Prompt >> Once the line with "ニットベスト メンズ Vネック" is found, write it out along with every line after it, exactly, up to the last line of the entries below. Exclude pictures.

The input >>
▼▼▼

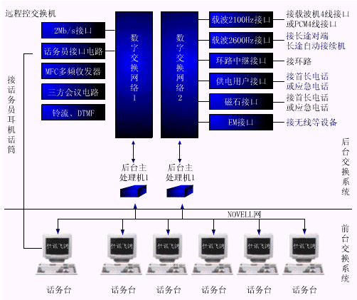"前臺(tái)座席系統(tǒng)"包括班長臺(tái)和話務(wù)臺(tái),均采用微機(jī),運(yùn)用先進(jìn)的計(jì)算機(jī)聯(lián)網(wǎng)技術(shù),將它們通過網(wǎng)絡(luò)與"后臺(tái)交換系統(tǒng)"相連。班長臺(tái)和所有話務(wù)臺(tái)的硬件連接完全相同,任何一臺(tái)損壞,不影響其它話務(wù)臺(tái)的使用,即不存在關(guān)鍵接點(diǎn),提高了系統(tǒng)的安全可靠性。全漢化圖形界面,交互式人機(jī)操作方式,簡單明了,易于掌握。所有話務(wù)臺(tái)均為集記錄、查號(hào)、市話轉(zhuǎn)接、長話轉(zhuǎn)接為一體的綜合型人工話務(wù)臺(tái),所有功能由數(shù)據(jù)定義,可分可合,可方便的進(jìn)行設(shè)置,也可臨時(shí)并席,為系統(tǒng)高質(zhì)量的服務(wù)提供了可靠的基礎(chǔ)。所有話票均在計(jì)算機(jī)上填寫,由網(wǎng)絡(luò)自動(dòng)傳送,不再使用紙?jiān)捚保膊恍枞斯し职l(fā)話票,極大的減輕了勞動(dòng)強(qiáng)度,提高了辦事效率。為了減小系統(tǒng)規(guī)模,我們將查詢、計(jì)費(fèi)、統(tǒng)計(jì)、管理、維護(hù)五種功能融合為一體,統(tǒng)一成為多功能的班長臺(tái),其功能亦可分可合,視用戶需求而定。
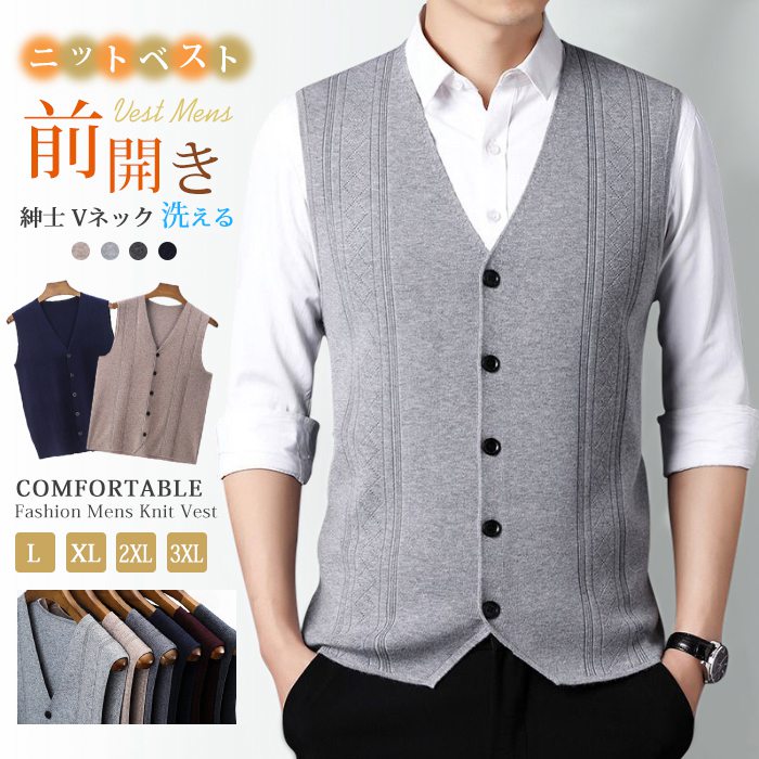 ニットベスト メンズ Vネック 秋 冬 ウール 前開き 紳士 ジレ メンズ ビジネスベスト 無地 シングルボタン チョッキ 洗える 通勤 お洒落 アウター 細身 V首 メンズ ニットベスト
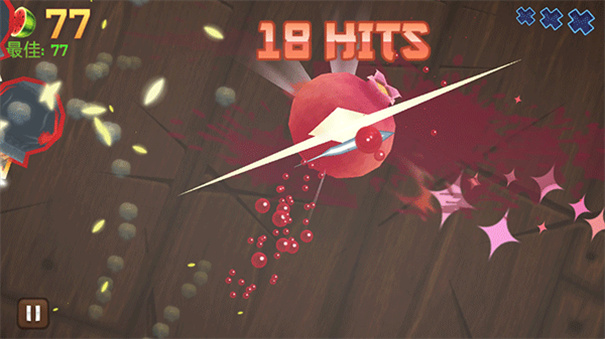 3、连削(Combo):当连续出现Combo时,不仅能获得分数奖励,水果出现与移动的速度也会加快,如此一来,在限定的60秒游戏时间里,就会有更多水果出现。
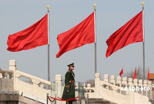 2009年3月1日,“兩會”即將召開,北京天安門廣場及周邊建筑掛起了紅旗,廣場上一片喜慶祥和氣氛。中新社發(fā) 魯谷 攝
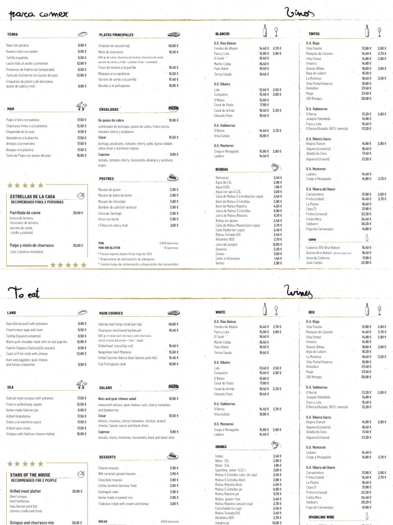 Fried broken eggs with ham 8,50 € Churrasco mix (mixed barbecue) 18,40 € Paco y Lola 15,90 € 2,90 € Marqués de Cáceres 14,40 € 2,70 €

▲▲▲

Solution to this task >>
 ニットベスト メンズ Vネック 秋 冬 ウール 前開き 紳士 ジレ メンズ ビジネスベスト 無地 シングルボタン チョッキ 洗える 通勤 お洒落 アウター 細身 V首 メンズ ニットベスト
 3、连削(Combo):当连续出现Combo时,不仅能获得分数奖励,水果出现与移动的速度也会加快,如此一来,在限定的60秒游戏时间里,就会有更多水果出现。
 2009年3月1日,“兩會”即將召開,北京天安門廣場及周邊建筑掛起了紅旗,廣場上一片喜慶祥和氣氛。中新社發(fā) 魯谷 攝
 Fried broken eggs with ham 8,50 € Churrasco mix (mixed barbecue) 18,40 € Paco y Lola 15,90 € 2,90 € Marqués de Cáceres 14,40 € 2,70 €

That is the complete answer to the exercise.